While I did experience some emotional highs, I fear this concert appealed more to my head than to my heart. I frequently found myself analyzing a selection, considering its role in the history of Western music, thinking of what was to come next in musical development rather than leaning back and reveling in the work at hand. An example would be the Erhard Bodenschatz “Joseph lieber, Joseph mein,” a competent 16th century precursor to J.S. Bach’s masterpieces. The Bodenschatz carol was informative but not memorable. This German Lutheran composer may have been a worthy, and certainly an interesting, precursor but as the saying goes, “Erhard Bodenschatz is no Johann Sebastian Bach.”
I also spent time pondering the 1582 Finnish songbook Piae Cantiones, a compilation from which four carols had been chosen for this concert. Some selections from Piae Cantiones moved me. I especially liked the opening “Personent Hodie” and the “Divinum Mysterium” that occurred later in the concert. Other high points included Caspar Othmayr’s “Nun komm der Heiden Heiland” with its fine counterpoint and “Cuncti simus concanentes” taken from the 1399 song collection compiled at the Benedictine monastery of the Black Virgin near Barcelona. The Catalonian syncopation of the latter work was a welcome relief from the uniform rhythmic treatments favored by the German composers who dominated the program.
The Carolina Pro Musica musicians were Karen Hite Jacob (artistic director, harpsichord, recorder, harp, percussion, voice), Holly Wright Maurer (viola da gamba, recorder, voice), Rebecca Miller Saunders (soprano, percussion) and Edward Ferrell (recorders, guitar, voice). All of these players are well schooled in period music and performed with authority. This program was presented with just one male musician, and thus without the ability to have two male vocal parts in any of the works.

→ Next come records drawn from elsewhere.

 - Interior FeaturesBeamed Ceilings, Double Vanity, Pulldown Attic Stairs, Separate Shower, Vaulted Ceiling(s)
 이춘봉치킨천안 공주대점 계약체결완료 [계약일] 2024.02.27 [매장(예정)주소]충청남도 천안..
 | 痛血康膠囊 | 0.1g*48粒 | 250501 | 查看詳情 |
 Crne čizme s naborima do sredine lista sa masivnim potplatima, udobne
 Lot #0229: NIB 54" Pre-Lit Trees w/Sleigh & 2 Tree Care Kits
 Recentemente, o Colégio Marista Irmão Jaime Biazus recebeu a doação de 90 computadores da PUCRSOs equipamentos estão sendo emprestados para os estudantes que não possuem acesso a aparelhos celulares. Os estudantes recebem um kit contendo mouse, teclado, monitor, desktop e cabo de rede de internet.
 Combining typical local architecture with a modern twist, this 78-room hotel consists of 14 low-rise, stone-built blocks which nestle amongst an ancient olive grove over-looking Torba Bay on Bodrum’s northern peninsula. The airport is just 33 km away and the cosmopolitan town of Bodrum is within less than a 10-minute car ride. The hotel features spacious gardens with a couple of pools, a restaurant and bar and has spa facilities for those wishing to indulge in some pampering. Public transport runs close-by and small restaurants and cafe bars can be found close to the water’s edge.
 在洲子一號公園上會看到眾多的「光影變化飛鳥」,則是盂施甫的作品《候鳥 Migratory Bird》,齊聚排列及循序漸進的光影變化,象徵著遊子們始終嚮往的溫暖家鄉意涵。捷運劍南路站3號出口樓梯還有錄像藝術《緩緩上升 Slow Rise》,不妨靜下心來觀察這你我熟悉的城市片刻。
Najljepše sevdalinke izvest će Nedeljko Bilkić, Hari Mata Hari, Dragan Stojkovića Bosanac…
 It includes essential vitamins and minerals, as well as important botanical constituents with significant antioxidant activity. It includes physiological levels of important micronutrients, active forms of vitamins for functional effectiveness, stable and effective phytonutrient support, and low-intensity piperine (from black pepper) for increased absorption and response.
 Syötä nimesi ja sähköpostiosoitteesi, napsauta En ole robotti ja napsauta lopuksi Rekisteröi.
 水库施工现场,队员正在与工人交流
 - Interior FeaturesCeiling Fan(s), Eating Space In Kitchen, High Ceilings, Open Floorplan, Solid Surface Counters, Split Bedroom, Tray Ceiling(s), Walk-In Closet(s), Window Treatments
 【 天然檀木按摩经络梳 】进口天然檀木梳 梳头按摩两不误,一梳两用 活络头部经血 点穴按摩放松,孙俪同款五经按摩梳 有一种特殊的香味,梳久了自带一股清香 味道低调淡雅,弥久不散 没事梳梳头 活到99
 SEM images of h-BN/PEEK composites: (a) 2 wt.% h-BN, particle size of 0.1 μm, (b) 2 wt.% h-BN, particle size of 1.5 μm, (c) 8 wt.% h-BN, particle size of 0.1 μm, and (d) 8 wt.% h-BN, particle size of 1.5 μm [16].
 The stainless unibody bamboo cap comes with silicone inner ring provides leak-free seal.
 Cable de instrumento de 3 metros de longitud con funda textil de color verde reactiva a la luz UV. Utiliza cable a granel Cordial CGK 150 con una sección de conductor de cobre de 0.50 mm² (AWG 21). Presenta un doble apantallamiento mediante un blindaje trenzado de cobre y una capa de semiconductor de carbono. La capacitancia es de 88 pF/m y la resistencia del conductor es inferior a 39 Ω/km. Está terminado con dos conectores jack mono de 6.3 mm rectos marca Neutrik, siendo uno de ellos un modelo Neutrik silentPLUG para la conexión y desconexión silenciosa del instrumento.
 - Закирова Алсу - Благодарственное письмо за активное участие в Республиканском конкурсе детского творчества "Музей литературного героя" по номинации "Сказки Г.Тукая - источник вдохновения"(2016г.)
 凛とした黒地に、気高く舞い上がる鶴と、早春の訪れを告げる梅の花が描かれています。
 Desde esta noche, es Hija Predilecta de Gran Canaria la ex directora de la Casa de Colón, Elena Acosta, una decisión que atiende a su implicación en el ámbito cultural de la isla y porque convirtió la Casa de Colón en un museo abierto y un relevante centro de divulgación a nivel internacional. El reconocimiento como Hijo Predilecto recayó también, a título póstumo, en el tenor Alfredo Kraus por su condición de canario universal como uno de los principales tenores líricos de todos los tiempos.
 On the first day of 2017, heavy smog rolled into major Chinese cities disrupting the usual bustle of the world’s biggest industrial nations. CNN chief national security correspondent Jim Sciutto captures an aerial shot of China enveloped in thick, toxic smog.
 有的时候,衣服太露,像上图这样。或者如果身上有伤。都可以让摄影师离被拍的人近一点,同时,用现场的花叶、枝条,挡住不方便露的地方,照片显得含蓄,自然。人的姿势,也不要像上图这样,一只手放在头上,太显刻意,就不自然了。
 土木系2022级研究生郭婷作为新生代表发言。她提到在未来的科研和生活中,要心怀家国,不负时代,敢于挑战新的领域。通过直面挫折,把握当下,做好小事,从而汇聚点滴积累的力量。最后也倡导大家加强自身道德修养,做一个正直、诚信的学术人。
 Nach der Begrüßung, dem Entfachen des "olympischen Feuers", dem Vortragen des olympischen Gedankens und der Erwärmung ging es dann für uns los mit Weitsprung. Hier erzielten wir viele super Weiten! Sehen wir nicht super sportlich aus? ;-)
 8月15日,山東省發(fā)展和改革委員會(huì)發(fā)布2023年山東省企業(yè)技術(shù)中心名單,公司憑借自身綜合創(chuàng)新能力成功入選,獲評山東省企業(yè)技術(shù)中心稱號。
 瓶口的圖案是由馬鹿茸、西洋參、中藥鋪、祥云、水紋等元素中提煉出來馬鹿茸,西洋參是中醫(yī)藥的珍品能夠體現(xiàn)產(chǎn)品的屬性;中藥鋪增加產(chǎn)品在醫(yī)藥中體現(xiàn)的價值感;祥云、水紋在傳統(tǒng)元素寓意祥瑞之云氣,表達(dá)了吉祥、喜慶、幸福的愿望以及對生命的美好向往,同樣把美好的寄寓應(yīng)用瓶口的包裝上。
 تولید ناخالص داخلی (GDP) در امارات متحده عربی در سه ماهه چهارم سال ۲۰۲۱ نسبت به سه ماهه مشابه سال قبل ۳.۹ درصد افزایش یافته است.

A capacity crowd of some 120 people attended the 7:00 pm performance; a second performance was to follow at 8:30 pm. My principal disappointment was the dry acoustics of St. Mary’s Chapel. Vocal technique for the period of early music includes no pitch vibrato, so without the acoustic presence provided by a resonant performing space, the music lacks full body. The entire December 5 program sounded thin to those who have heard performances at Belmont Abbey College. Carolina Pro Musica has available for sale a fine CD of their 2008 Christmas Concert, and to my ears that was a more satisfying concert than this year’s production, primarily because of the fine acoustics in the Abbey Basilica.